In simple terms, a pick-me person is someone who wants nothing more than to be noticed or chosen above everyone else.
Essentially, they are seeking your approval, your interest, or your attention—often with the added implication that they are doing so somewhat insincerely, or ultimately to their own detriment, and to the detriment of other people like them. As anyone familiar with the term will know, though, there’s a little more to being a pick-me person that just acting in an attention-seeking way.
The Background of Pick-Me
Both online and offline in modern slang, the phrase pick-me is often associated with the so-called “pick-me girl” archetype—that is, a young woman who not only wants to attract attention ahead of her peers, but wants specifically to attract the romantic attention of men.
To do so, she is setting herself apart from other women by overtly shunning more stereotypically feminine things (regardless of whether she actually enjoys them or not) and embracing more traditionally masculine or boyish things instead, in the hopes that doing so will appeal more to the male gaze.

So a pick-me girl won’t be looking to get a boyfriend by sharing or talking about her and her friends’ love of romcoms, shopping, or dating shows; she’s looking to get a boyfriend by joining him and his friends for a couple of beers, a round of pool, or a night in playing video games, regardless of whether she really wants to.
In this sense, there’s a little extra nuance to the idea of a pick-me person: they’re not just looking for attention, but, whether consciously or subconsciously, they’re willing to embrace traits and behaviors that they might not even genuinely enjoy or support in order to get it.
This trope is said to have first emerged among the breezy yet stereotype-heavy romcoms of the early 2000s, when the handsome love interest might find his eye being caught by the quirky and unconventional girl who is very clearly not like all the others: she might like sports and guitars and grunge music, rather than makeup and sleepovers and all things pink.
But according to Merriam-Webster, it first truly caught on in popular culture thanks to a 2005 episode of Grey’s Anatomy in which the title character, Meredith Grey, pleads with her romantic interest to pick her over his ex-wife.
From there, the term became even more widely used in the mid 2010s when a jokey hashtag, #TweetLikeAPickMe, trended on Twitter, before it found its way onto TikTok in the early 2020s in skits and videos mocking the desperate and hopelessly submissive behavior of typical pick-me girls.
From Pick-Me Girl to Pick-Me Boy
In more recent years, though, the gender balance has been redressed.

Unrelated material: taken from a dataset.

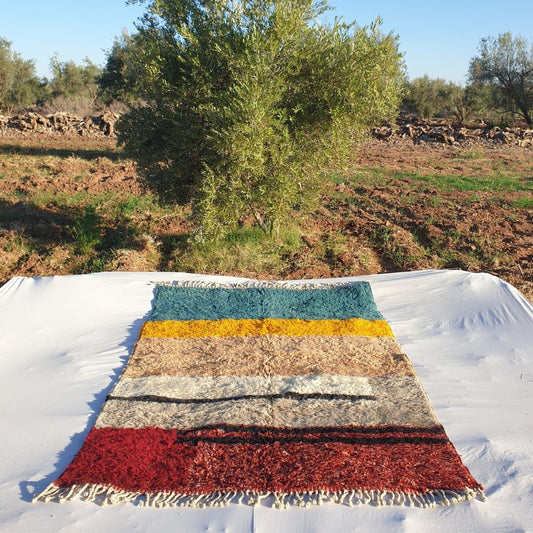 Zinaga - Moroccan Boujad Berber Rug | Colorful Authentic Handmade Bedroom Rug | 8'4x4'7 Ft | 2,55x1,44 m

The rise of the so-called “pick-me boy” in the 2020s has seen young men called out for often disingenuously shunning traditionally masculine behavior, and embracing more overtly feminine things instead, purely to attract female attention. And from there the term even inspired conversations about toxic masculinity and romantic manipulation.
As the term has come to be more widely used in this way, pick-me has emerged as both a noun (“She’s such a pick-me!”) and an adjective (“Oh, that’s so pick-me…”) to describe any behavior—not necessarily romantic—that could be seen as submissive, hypocritical, or dishonest, yet is intended to gain acceptance or approval.
A pick-me employee, for instance, might stop at nothing to attract the attention of their boss or to climb the corporate ladder, regardless of the effect of themselves, or their colleagues. The phrase might now be used more loosely than before, and so doesn’t necessarily refer to an attention-seeking girl, but it is still almost always used disparagingly.